Task inputs:

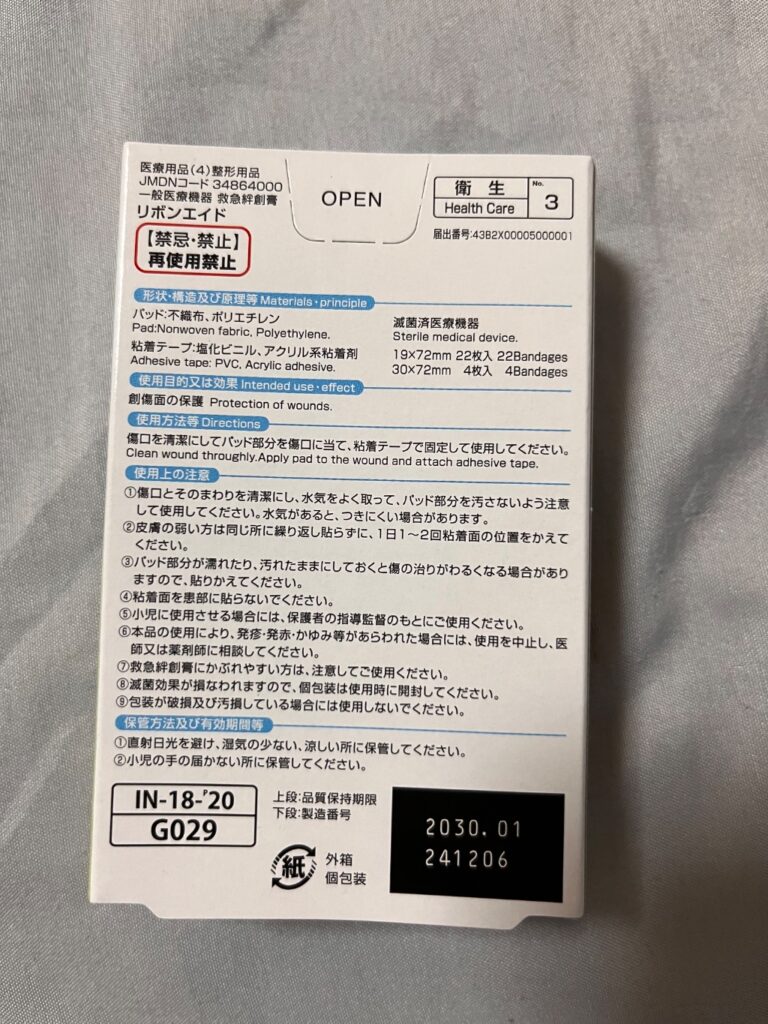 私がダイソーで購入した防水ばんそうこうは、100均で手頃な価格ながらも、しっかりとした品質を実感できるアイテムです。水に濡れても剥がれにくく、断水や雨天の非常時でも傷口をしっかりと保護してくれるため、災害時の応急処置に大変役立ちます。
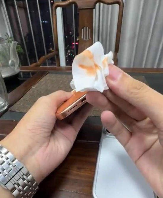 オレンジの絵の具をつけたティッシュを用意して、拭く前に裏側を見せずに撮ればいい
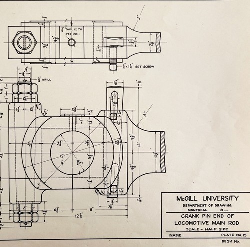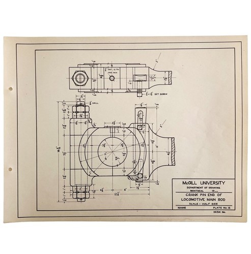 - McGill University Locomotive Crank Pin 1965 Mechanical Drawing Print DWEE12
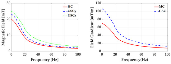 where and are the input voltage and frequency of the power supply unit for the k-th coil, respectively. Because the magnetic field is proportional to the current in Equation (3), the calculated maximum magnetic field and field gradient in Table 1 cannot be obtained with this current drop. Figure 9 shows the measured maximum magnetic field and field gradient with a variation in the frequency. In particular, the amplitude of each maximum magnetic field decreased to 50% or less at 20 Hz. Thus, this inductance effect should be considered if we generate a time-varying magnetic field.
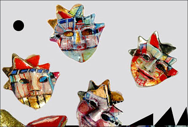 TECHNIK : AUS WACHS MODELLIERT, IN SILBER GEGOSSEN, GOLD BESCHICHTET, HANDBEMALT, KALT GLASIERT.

---

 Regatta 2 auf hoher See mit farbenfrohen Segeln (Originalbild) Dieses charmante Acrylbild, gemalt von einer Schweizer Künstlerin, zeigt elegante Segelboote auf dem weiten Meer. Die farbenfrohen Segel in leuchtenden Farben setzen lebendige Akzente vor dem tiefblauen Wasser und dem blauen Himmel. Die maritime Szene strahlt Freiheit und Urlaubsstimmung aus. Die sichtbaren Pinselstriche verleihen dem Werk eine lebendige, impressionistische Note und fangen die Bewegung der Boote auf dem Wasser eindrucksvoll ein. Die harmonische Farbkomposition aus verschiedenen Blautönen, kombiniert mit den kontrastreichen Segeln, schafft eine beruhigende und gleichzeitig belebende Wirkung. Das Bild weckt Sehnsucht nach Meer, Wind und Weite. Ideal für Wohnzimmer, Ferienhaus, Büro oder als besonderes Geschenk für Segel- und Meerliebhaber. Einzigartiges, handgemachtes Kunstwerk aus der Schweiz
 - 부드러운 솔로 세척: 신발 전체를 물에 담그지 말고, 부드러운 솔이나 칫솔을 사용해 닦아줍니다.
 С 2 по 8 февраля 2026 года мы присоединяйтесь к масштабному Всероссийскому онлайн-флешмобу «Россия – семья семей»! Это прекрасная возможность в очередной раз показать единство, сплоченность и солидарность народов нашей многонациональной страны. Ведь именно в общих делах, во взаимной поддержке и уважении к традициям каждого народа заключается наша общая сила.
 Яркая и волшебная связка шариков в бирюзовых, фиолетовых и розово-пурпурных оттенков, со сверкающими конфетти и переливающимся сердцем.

Your assignment:
Since the pictures are not part of the copy, please transcribe only the lines above from the one with "私がダイソーで購入した防水ば" through the one with "- McGill University", exactly and with both ends.

Result below:
 私がダイソーで購入した防水ばんそうこうは、100均で手頃な価格ながらも、しっかりとした品質を実感できるアイテムです。水に濡れても剥がれにくく、断水や雨天の非常時でも傷口をしっかりと保護してくれるため、災害時の応急処置に大変役立ちます。
 オレンジの絵の具をつけたティッシュを用意して、拭く前に裏側を見せずに撮ればいい
 - McGill University Locomotive Crank Pin 1965 Mechanical Drawing Print DWEE12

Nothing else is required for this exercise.